かぼちゃの馬車の物件は、シェアハウスとして非常に使い勝手が悪いといった問題があったばかりか、建材仕様も廉価で、施工も適当な安普請であったにもかかわらず、国土交通省の公表する平均建築単価と比して、著しく高額な価格で売却されていたとされます。要するに、粗悪品が高く売られていたということです。こうしたことも、物件購入に先立ち、購入者において、単価の妥当性について、公表された統計データを用いて少し調べれば、容易に分かることではあります。もっとも、スルガ銀行による杜撰融資もあり、購入者としては、資金調達の目途は容易に得られる状況であったため、不動産賃貸による第二の安定収入が得られるという甘い言葉に惑わされたということも無理からぬ側面もあります。

いずれにしましても、今後、住宅の賃貸業について業法規制が入ることにより、従前よりは、被害の予防に繋がるはずですが、業法規制がなされようとも、投資は常にリスクを伴いますので、投資に際しては、必ず冷静に検討する時間を設けて、慎重に決定することの大切さを忘れてはいけません。

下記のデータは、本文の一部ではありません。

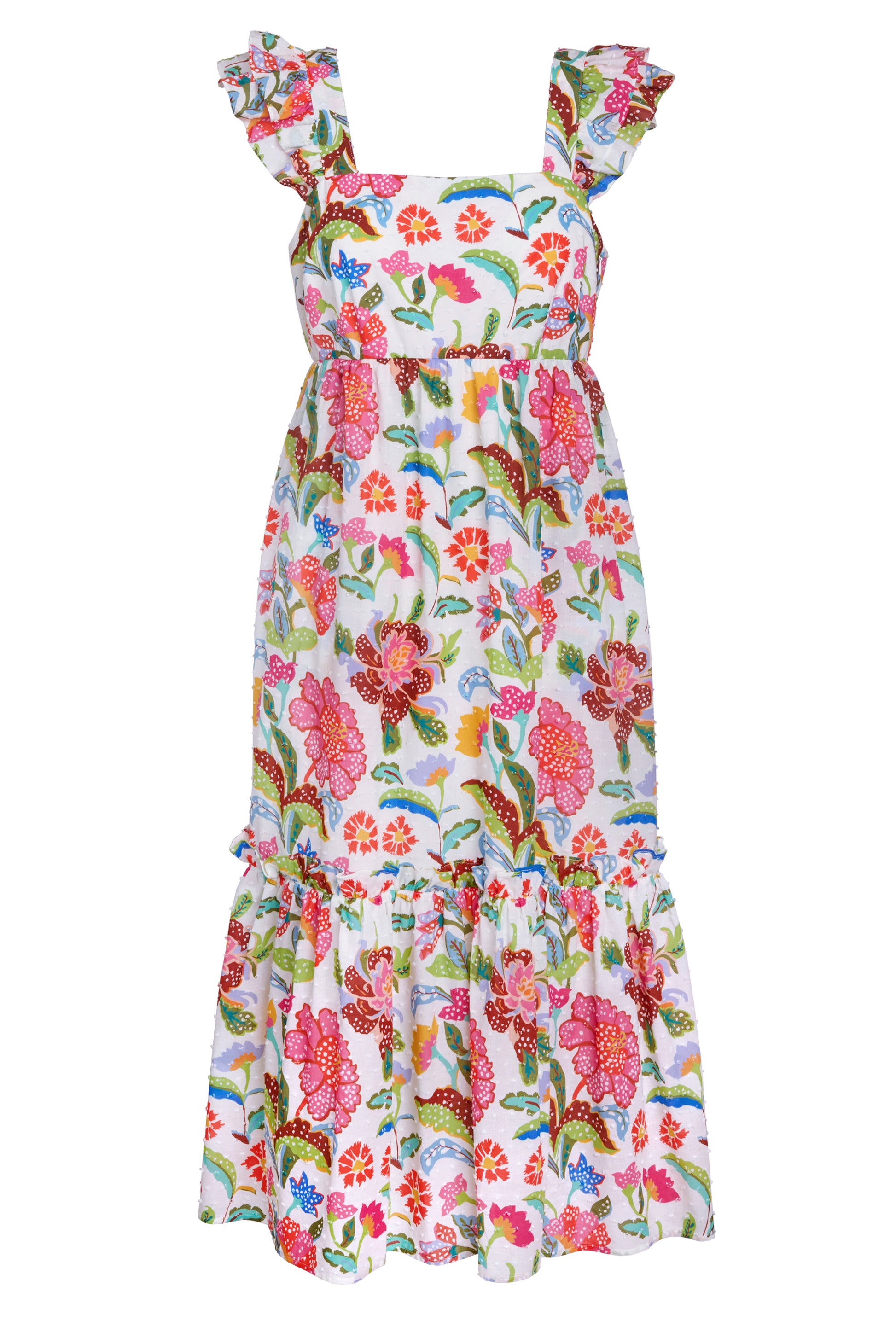 Elevate your springtime look with the Bryce Dress. We love the chic details including straps adorned with a double-ruffle at the shoulder and a straight neckline featuring smocking at the back bodice for a comfortable and secure fit. The tiered, gathered skirt features charming ruffle details, complemented by a side seam zip closure and convenient pockets.

【参考】賃貸住宅の管理業務等の適正化に関する法律(目的)

第一条 この法律は、社会経済情勢の変化に伴い国民の生活の基盤としての賃貸住宅の役割の重要性が増大していることに鑑み、賃貸住宅の入居者の居住の安定の確保及び賃貸住宅の賃貸に係る事業の公正かつ円滑な実施を図るため、賃貸住宅管理業を営む者に係る登録制度を設け、その業務の適正な運営を確保するとともに、特定賃貸借契約の適正化のための措置等を講ずることにより、良好な居住環境を備えた賃貸住宅の安定的な確保を図り、もって国民生活の安定向上及び国民経済の発展に寄与することを目的とする。

※条文中の「特定賃貸借契約」とは、サブリース契約を指しています。